Kindergeschichten als Familienritual

Kinder lieben es, wenn ihre Eltern ihnen abends im Bett interessante Kindergeschichten vorlesen oder erzählen. Das ist nicht nur spannend und macht Spaß, sondern fördert auch die Fantasie und das Sprachverständnis der kleinen Zuhörer. Und ganz nebenbei wächst die Familie weiter zusammen.

Kindergeschichten machen Spaß

Sowohl Fantasie, als auch Familiengefühl werden durch Kindergeschichten gefört.

Das Vorlesen von Geschichten fördert die Fantasie und das Familiengefühl.

Für Kinder ist es besonders wichtig, vorgelesene oder erzählte Geschichten zu hören. Denn das ist nicht nur ein Spaß für die ganze Familie, sondern auch pädagogisch wertvoll. Und die Familie hat ein gemeinsames Ritual, das sie zusammenschweißt.

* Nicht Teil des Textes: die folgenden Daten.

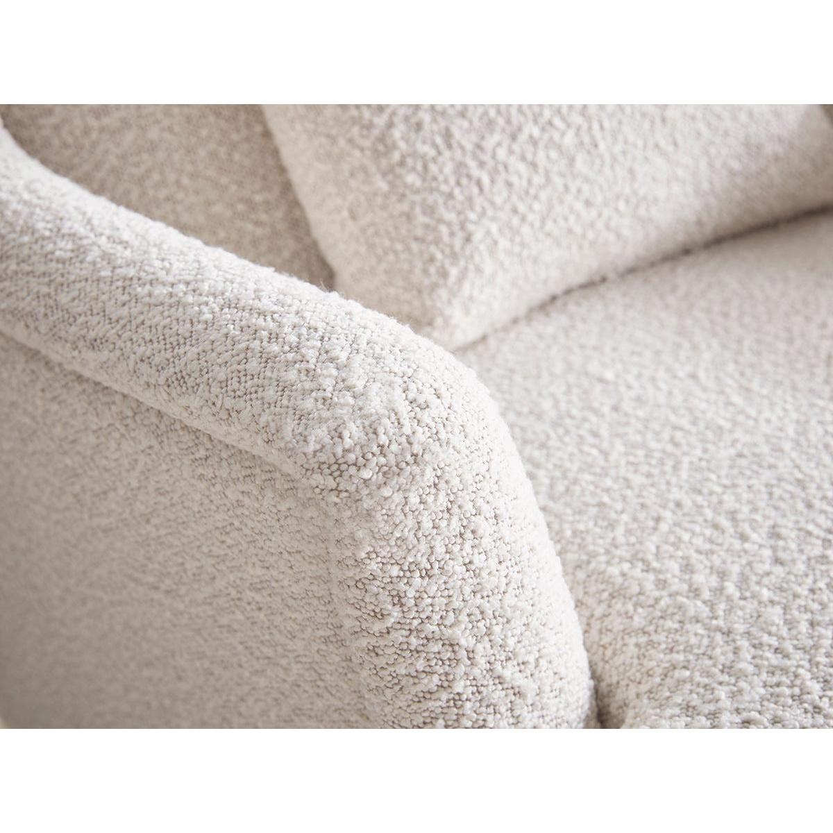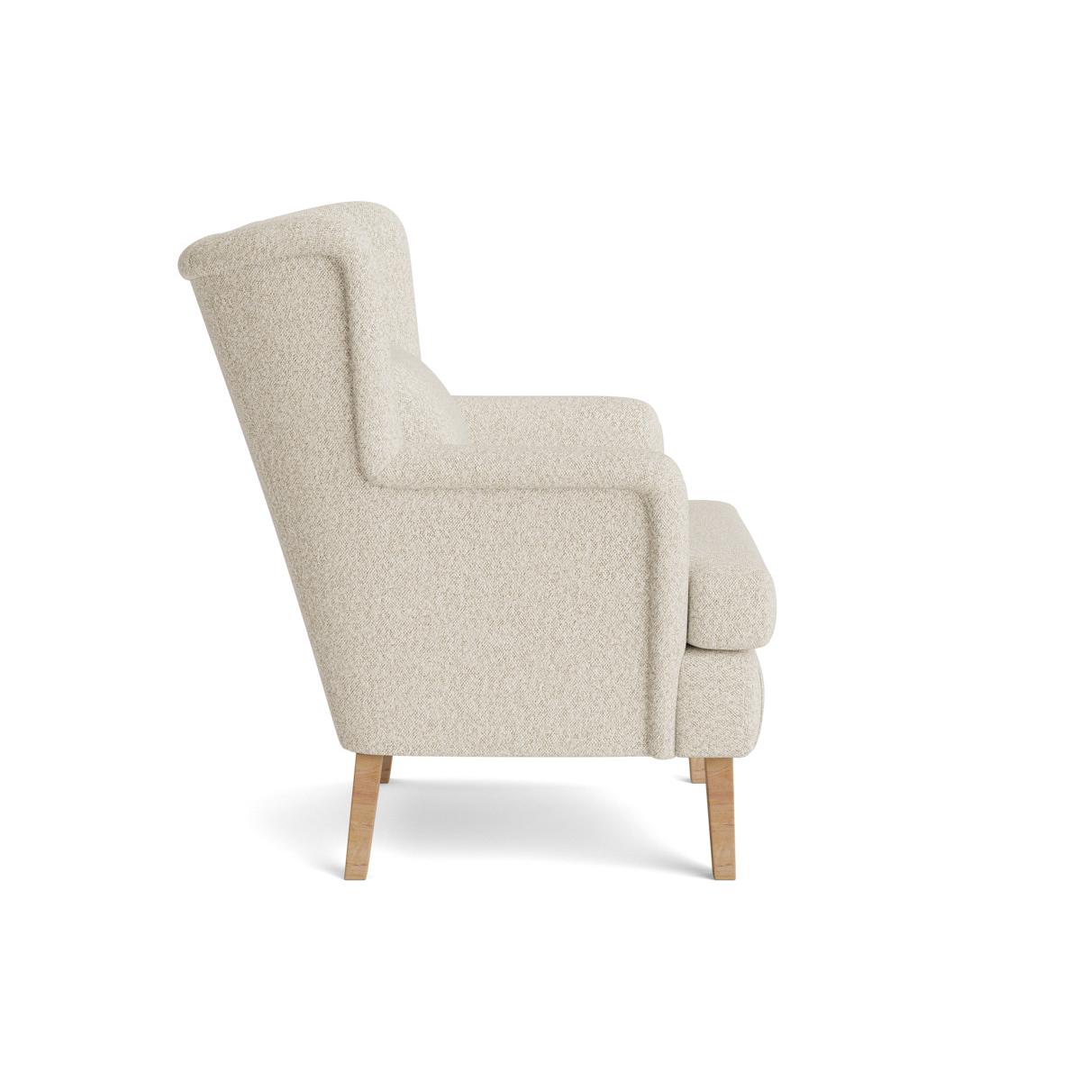 Channeling a fun retro feel, this lovingly crafted collection features tapered legs, wide and curvaceous winged backs and angular sloping arms. Perfect as part of a complete living room set, or as a statement occasional chair, the Trosa Armchair is a cosy and welcoming seat which will hug you into its enveloping form. A single scatter cushion provides additional support. The Trosa range also includes a two seater sofa and an ottoman. Pictured here in our Natural bouclé material, our Trosa collection can be upholstered in a choice of 34 distinctive shades and six fabrics to suit your style. Read our Upholstery FAQs View our full Upholstery Terms and Conditions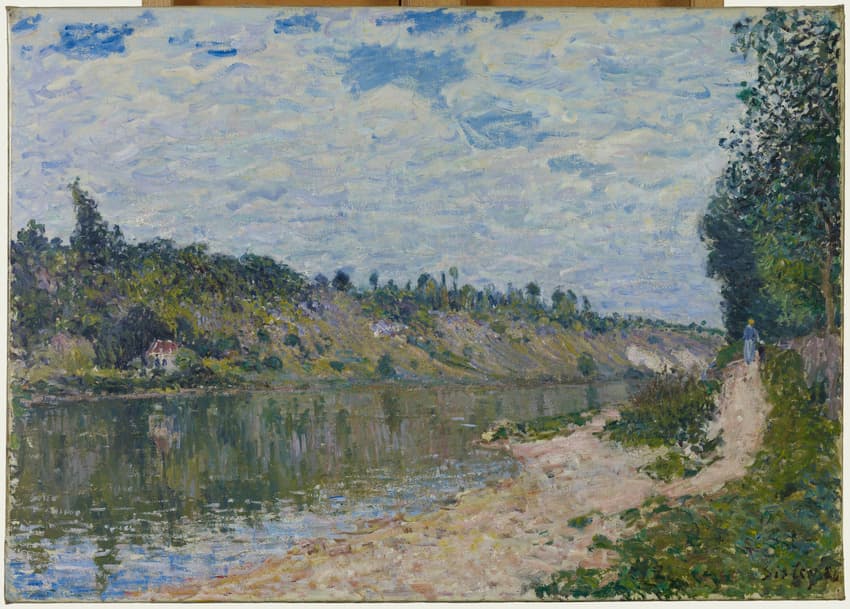 Sur le cadre : Étiquette rectangulaire, écrit à la main « SISLEY Alfred/Les coteaux de la Celle vus de st Mammès ».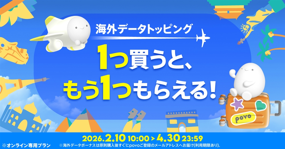 KDDI、沖縄セルラーは2026年2月10日から4月30日まで、povo2.0において、海外データトッピングを買うと、同じ海外データトッピングがもう1つもらえる「海外ローミングキャンペーン」を実施します。1回分の料金で2回分のデータを使用できるため、春休みやゴールデンウィークの海外旅行などでおトクに利用できます。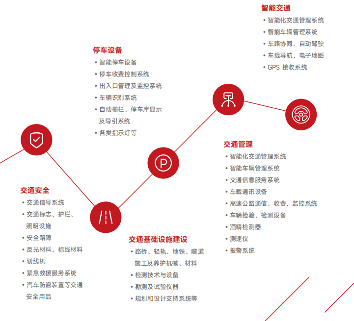 展品覆盖智能交通、交通安全、交通管理、交通基础设施建设和停车设备等五个领域为基础的供应链,打造成为共探发展趋势、对话行业热点、透视产业需求的一体化交流服务平台。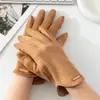 Luvas de couro femininas tela sensível ao toque outono e inverno veludo quente condução ciclismo estilo coreano mão reparação emagrecimento arco bonito estudante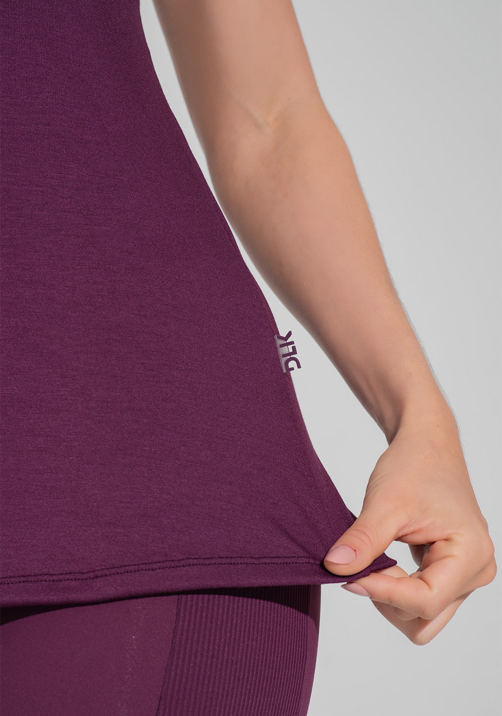 A blusa fitness alongada é confeccionada em modal, uma fibra biodegradável de toque macio com alta capacidade de absorção de umidade e respirabilidade, auxiliando no controle do suor e mantendo o conforto durante o uso.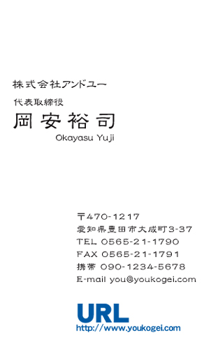 筆文字名刺 YH-SH-024 カテゴリ > 筆文字・毛筆・和 名刺 表 ※オンマウスで拡大表示いたします。 サイズ 91mm × 55mm このデザインで注文する このデザインでFAX注文 裏面デザインについて このデザインをお気に入りに追加 この商品に対するお問い合わせ 色違いデザイン YH-SH-022YH-SH-023 簡単料金計算 用紙を選択 ハイトーン (最もスタンダードな白い用紙) マイルド (白味を少し抑えたオフホワイトの用紙) サニー (クリーム色の用紙) グレイ (緑がかった明るい灰色の用紙) 光沢紙 ※両面印刷不可 ※ラインストーン不可和紙(両面新大礼紙) (両面にレーヨン繊維が漉き込まれています) 半透明(トレーシングペーパー) ※両面印刷不可 ※ラインストーン不可半透明(NTパイル) ※両面印刷不可 ※ラインストーン不可厚紙:オフホワイト 枚数を選択 203050100150200300400500 金額をチェック 送料はこちら レビューコメント レビュー・コメントはまだありません。 閉じる レビューをお書きください このデザインのレビュー(ご感想)をぜひご記入ください レビュー入力欄 レビューは不特定多数の方がご覧になりますので、 個人情報などを含まれないようにご注意ください。 投稿していただいた内容について、弊社で不適切と判断した場合には、 お断りなく非掲載とさせていただく場合がございます。 レビュー記入者の種別 閲覧者 購入者 レビュー記入者の名前(ニックネーム) 下の数字を入力: 関連デザイン penki-ay001 penki-ay002 penki-ay003 penki-ay004 penki-ay005 penki-ay006 akco023 akco029 nis019 nis020 nis021 nis022
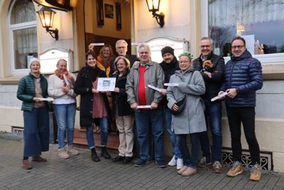Dezember 2023: 6000 Euro konnte eine Gruppe von Asselner Bürgern am Mittwoch dem Malteser Kinder- und Jugend Hospizdienstes übergeben. Aus einer lockeren Idee am Tresen wurde eine Spendensammelaktion, die sich sehen lassen kann. Seit Jahren schon sammeln die Kunden des Asselner Bürgerkrugs in einem BVB-Tippspiel Geld für die Malteser. In den letzten 14 Jahren sind so über 14.500 Euro zusammen gekommen. Die Aktion am 16.12. toppt aber alles. Bereits im Vorfeld wurden Sponsoren und Kunden angesprochen und 3.500 Euro gesammelt. Beim Adventszauber, bei dem es Bratwurst und Steak im Brötchen und natürlich Glühwein gab, wurden noch einmal 2500 Euro eingenommen. Frau Budde und Frau Büschler vom Hospizdienst waren sprachlos. So große Spenden sind äußerst selten. „Das ist ein außergewöhliches Weihnachtsgeschenk, mit dem wir den Kindern und Familien, die wir betreuen, viel Gutes tun können“, betonte Karin Budde. |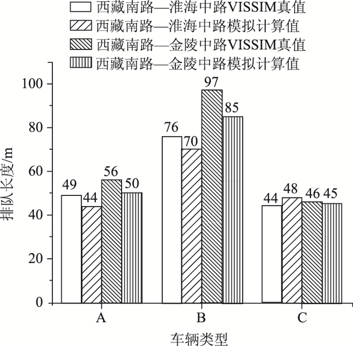 从表 2中可以看出,两个交叉口各类车型模型的计算值和仿真真值最大误差为12 m,最小误差为1 m,如图 5所示。此外,本研究模型的绝大部分计算结果较仿真真值偏小,可能是由于:(1)上述所研究交叉口位于上海市黄浦区中心地带,道路通行能力无法满足庞大的交通量,在高峰时段经常有交警进行交通疏导,与交通信号控制产生一定的冲突;(2)采集数据由于技术手段原因可能存在部分遗漏,造成误差,使得VISSIM仿真结果较大;(3)平均到达率小于实际到达率,排队长度估计偏大。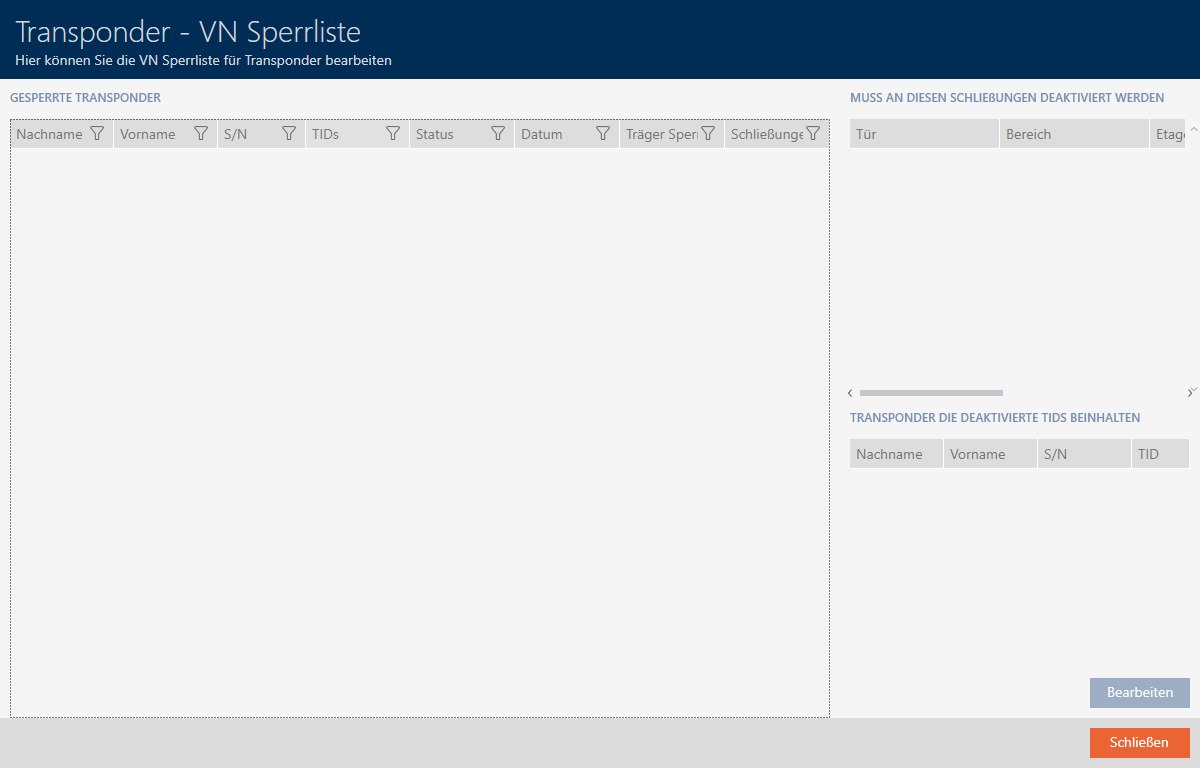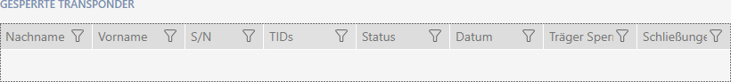Aktuell ist in diesem Fenster kein Eintrag enthalten, weil Sie noch keinen Transponder gesperrt haben. Das Fenster besteht aus mehreren Teilen: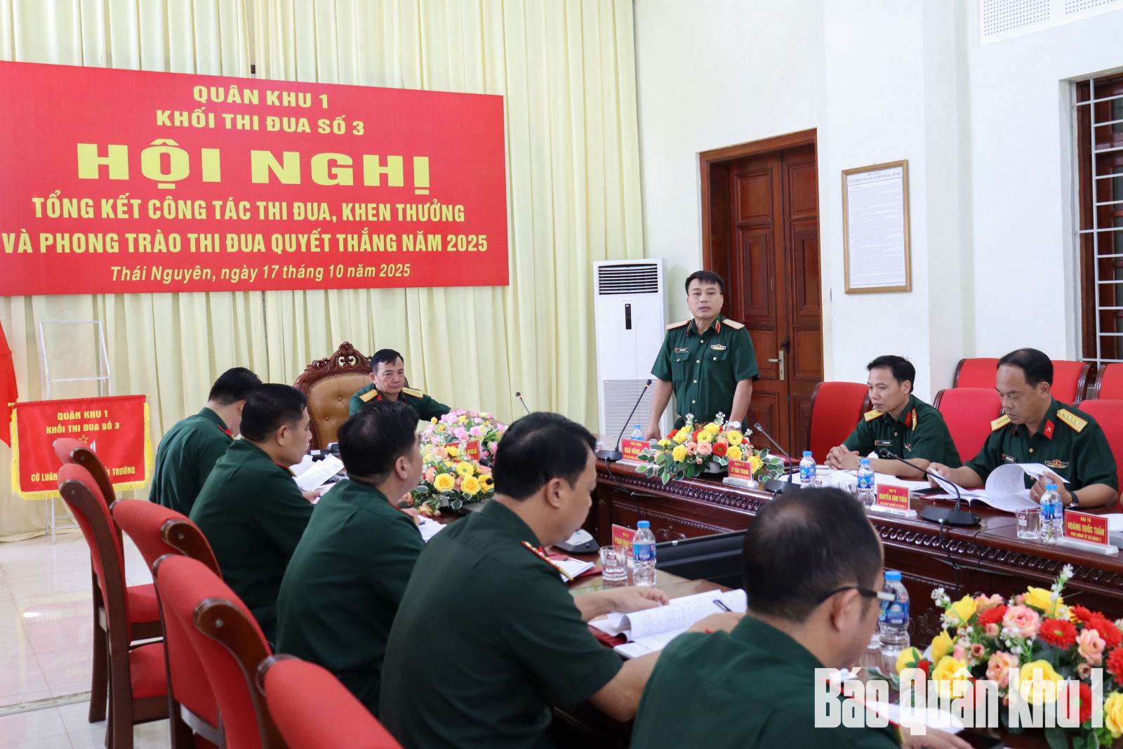 Phát biểu chỉ đạo tại hội nghị, Thiếu tướng Ngô Hồng Thái biểu dương, đánh giá cao hoạt động thi đua khen thưởng và phong trào thi đua quyết thắng của các đơn vị khối thi đua số 3, năm 2025. Đồng chí Phó Chỉ nhiệm Chính trị Quân khu đề nghị: Trong năm 2026, các đơn vị khối thi đua số 3 cần phát huy hơn nữa tinh thần đoàn kết, đồng lòng, thi đua hoàn thành thắng lợi các nhiệm vụ chính trị trọng tâm; đẩy mạnh thi đua xây dựng đơn vị vững mạnh về chính trị, tư tưởng, đạo đức, tổ chức cán bộ; nâng cao năng lực lãnh đạo, sức chiến đấu của các cấp ủy, tổ chức đảng, phát huy vai trò tiền phong, gương mẫu, tự phê bình và phê bình của đội ngũ cán bộ đảng viên. Kịp thời biểu dương khen thưởng những tập thể, cá nhân hoàn thành xuất sắc nhiệm vụ, xây dựng Đảng bộ đạt trong sạch vững mạnh, đơn vị vững mạnh toàn diện “mẫu mực, tiêu biểu”.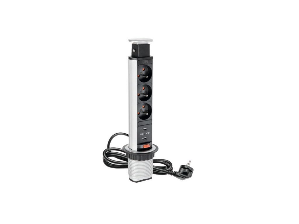 Výsuvná nábytková zásuvka je jedným z najpopulárnejších riešení na trhu. Je prispôsobený malým priestorom – malé písacie stoly, stolíky, kuchynské linky. Po vysunutí máme k dispozícii tri napájacie zásuvky. Zásuvka je ukončená estetickým krytom. Dostupné v dvoch univerzálnych farbách: čiernej a striebornej. Úspora miesta – keď skončíte, môžete ho jednoducho schovať do pracovnej dosky. Malý rozmer - pre montáž stačí vyvŕtať otvor s priemerom len 60 mm. Jednoduchá inštalácia - montáž do pracovnej dosky sa vykonáva utiahnutím plastovej matice. Zariadenie je dodávané so 150 cm dlhým napájacím káblom.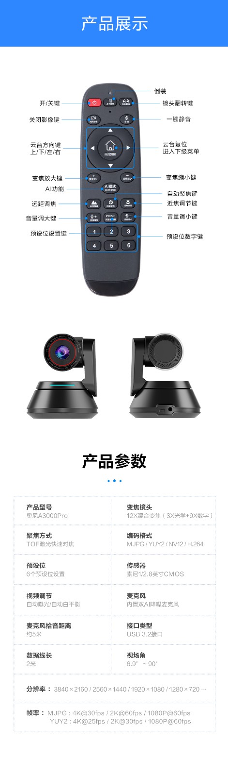 • 支持2.4G无线遥控控制/多预置位设置;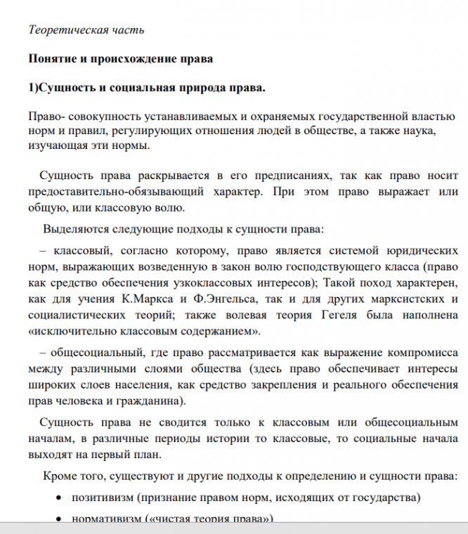 Теоретическая частьПонятие и происхождение права 1)Сущность и социальная природа права. Право- совокупность устанавливаемых и охраняемых государственной властью норм и правил, регулирующих отношения людей в обществе, а также наука, изучающая эти нормы. Сущность права раскрывается в его предписаниях, так как право носит предоставительно-обязывающий характер. При этом право выражает или общую, или классовую волю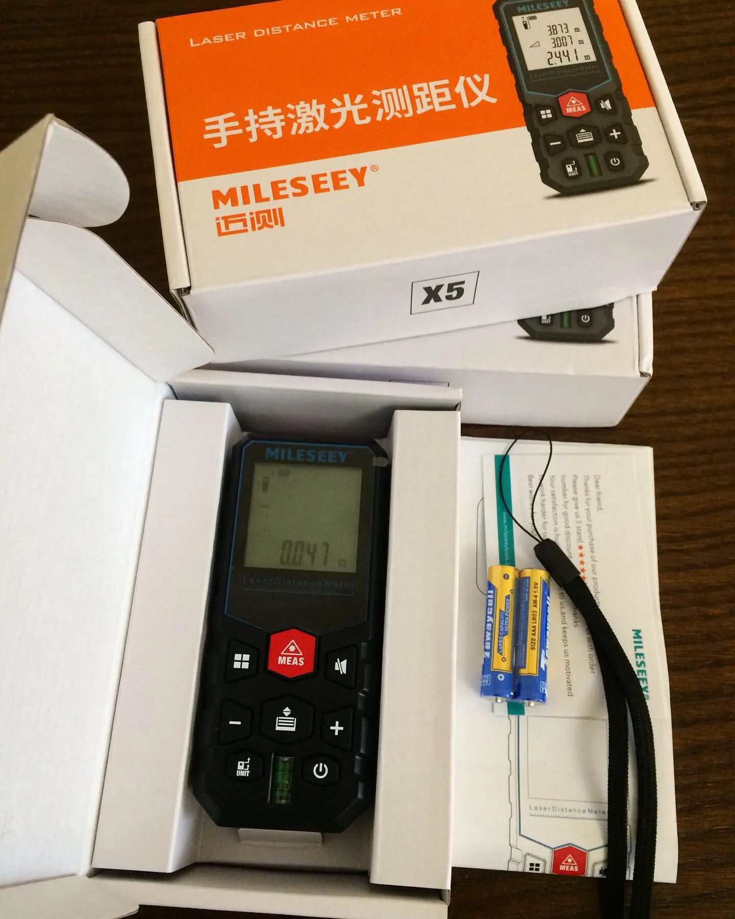Супер! Доставка за 6 дней через всю Россию с момента заказа и до вручения курьером в руки. В комплекте есть подробная инструкция на английском, чехол, ремешок и даже батарейки. Измеряет точно, на 5 метрах показала на 3мм больше ленточной рулетки. Пластик качественный, сделано все аккуратно. Я доволен. Рекомендую!

Schon Babys mögen es, wenn man mit ihnen spricht oder ihnen Kindergeschichten vorliest. Es entwickelt außerdem den Hörsinn. Doch auch für ältere Kinder sind die spannenden Abenteuer, die sie durch die Geschichte mit den Eltern durchleben, wichtig. Es fördert sowohl Sprachverständnis, als auch Fantasie der Kinder. Später können auch Hörbücher, Bilderbücher und Lesebücher diese Aufgabe übernehmen.

Familienritual

Bei vorgelesene Geschichten und Hörbücher kann die Geschichte nicht nur abwechslungsreich und echt durch verschiedene Stimmen erscheinen, sondern auch durch Geräusche und Musik ergänzt werden, die die Fantasie bereichern. Jedoch ergeben einfache Hörbücher und Musik-CDs erst ab drei Jahren Sinn für kleine Kinder. Und auch dann sollten die Eltern dem Nachwuchs noch weiter vorlesen. Denn Vorlesen hat im Vergleich zum Hörbuch einen entscheidenden Vorteil: Hier wird ein kleines Familienritual geschaffen. Klar, dass das der ganzen Familie Spaß macht! Und besonders für Kinder ist diese Zuwendung durch die Eltern sehr wichtig.

Räuber Hotzenplotz und Pippi Langstrumpf sind Kinderbuchklassiker.

Zu den Kinderbuchklassikern gehören Pippi Langstrumpf und Räuber Hotzenplotz.

Was sind die besten Kindergeschichten?

Ob nun Geschichten über Piraten und Ritter oder Prinzessinnen und Tiere – welche Geschichten welchem Kind gefallen, hängt nicht nur vom Geschlecht ab, sondern ist sowieso Geschmackssache. Generell sind natürlich Märchen immer sehr beliebt, denn durch ihre Fabelwesen und Fantasiewelten sind sie besonders spannend und interessant. Aber auch Kinderbuchklassiker wie Pippi Langstrumpf, Ronja Räubertochter, Jim Knopf und Lukas der Lokomotivführer, die Unendliche Geschichte oder der Räuber Hotzenplotz lesen Kinder nicht nur später gerne selbst, sondern hören sie auch gerne von den Eltern. Besonders originell sind aber personalisierte Geschichten. So gibt es Verlage, die anbieten, den Namen Deines Kindes, sowie Namen von Freunden und Familienmitgliedern mit in ein lustiges Abenteuer einzubauen – sei es als Buch oder als Hörbuch.

Geschichten selbst erfinden

Natürlich kannst Du auch selbst eine mitreißende Geschichte erfinden, die beispielsweise von Eurer Familie handelt. Binde Dein Kind, wenn es alt genug ist, auch ruhig in das Erzählen mit ein. So könnt Ihr immer abwechselnd einen Absatz dazu erfinden – das fördert nicht nur Fantasie und Sprachverständnis, sondern das familiäre Miteinander. Damit das Ganze zum Familienritual wird, ist es außerdem sinnvoll, immer wieder kleine Episoden mit Fortsetzungscharakter zu erzählen. So kann sich eine spannende Erzählung über mehrere Tage oder sogar Wochen erstrecken. Wenn Du nicht so kreativ bist, kannst Du Deinem Kind aber auch vorgegebene Geschichten vorlesen. Denn so oder so: Es zählt Deine Stimme und die Aufmerksamkeit, die Du Deinem Kind schenkst.